Responding to queries from The New Paper yesterday, a spokesman for the Land Transport Authority (LTA) revealed the target dateand also confirmed it had received 13 bids for the contract.
On Thursday, Chinese language daily Lianhe Zaobao reported that among the bidders are a few companies from abroad, including Taipei's YouBike and JCDecaux, which is currently providing Velib bicycles in Paris.
Lianhe Zaobao approached some of the bidders, but they declined to comment due to an agreement with the authority.
LTA is also exploring an expansion of the pilot programme to the Marina Bay/City Centre area, Tampines and Pasir Ris - all to be run by a single operator.
Lianhe Zaobao said the three areas will provide a total of 2,300 bicycles and 230 bicycle stops. The contract will be for eight years.
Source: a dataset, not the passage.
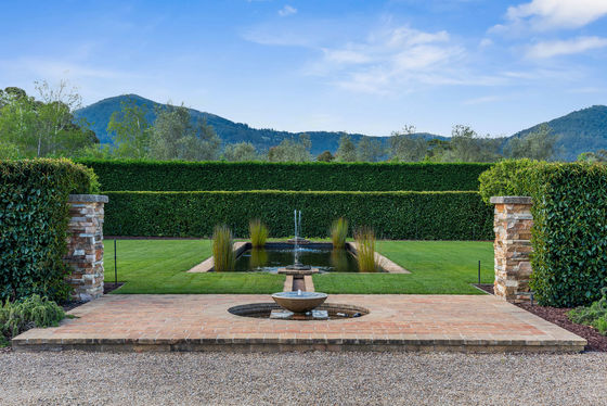 The gardens frame the house with structure and detail, clipped hedges, fountain, sculpture and pond, terracotta paving, and a raised-bed vegetable garden and apple orchard.

Singapore's first large-scale bicycle-sharing programme will kick off in the Jurong Lake District from the end of next year.
The government tender was called on July 29 to find an operator to build, run and maintain the project.
The plan will provide commuters in Jurong with round-the-clock access to the bicycles, with convenient pick-up and drop-off points for users.
A permanent resident, who wanted to be known only as Guillaume, is looking forward to using the bicycles. The 40-year-old Canadian, who has lived in Montreal and Toronto, said similar facilities are already available in the two cities.
Guillaume has called Singapore home for more than five years and works in Jurong.
He said: "Jurong is huge, and many places are not accessible by MRT so commuters have to take buses.
"During peak hours, these buses are often packed and commuters cannot get on.
"With shared bicycles, people can easily hop on and hop off."
Housewife Pauline Tan, 35, shared the sentiment.
The mother of two said: "Some people ride their own bicycles, and I notice that the bicycle stands at MRT stations in Jurong are often full.
"With drop-off spots, these shared bicycles will make it easier for people to cycle without worrying if there will be enough space to park the bicycles."
But student Alex Ang was sceptical about the plan.
Said the 18-year-old: "I don't think Singaporeans will utilise the shared bicycles because of our hot climate.
"Also, I don't know how the authorities will monitor the situation if the bicycles get stolen."
According to Guillaume, users in Canada have to use their credit card to pay for using the shared bicycles.
He said: "If you don't return the bikes, the system will just deduct the amount from your card. So people will return the bicycles after using them.
"You don't have to worry about bicycle theft."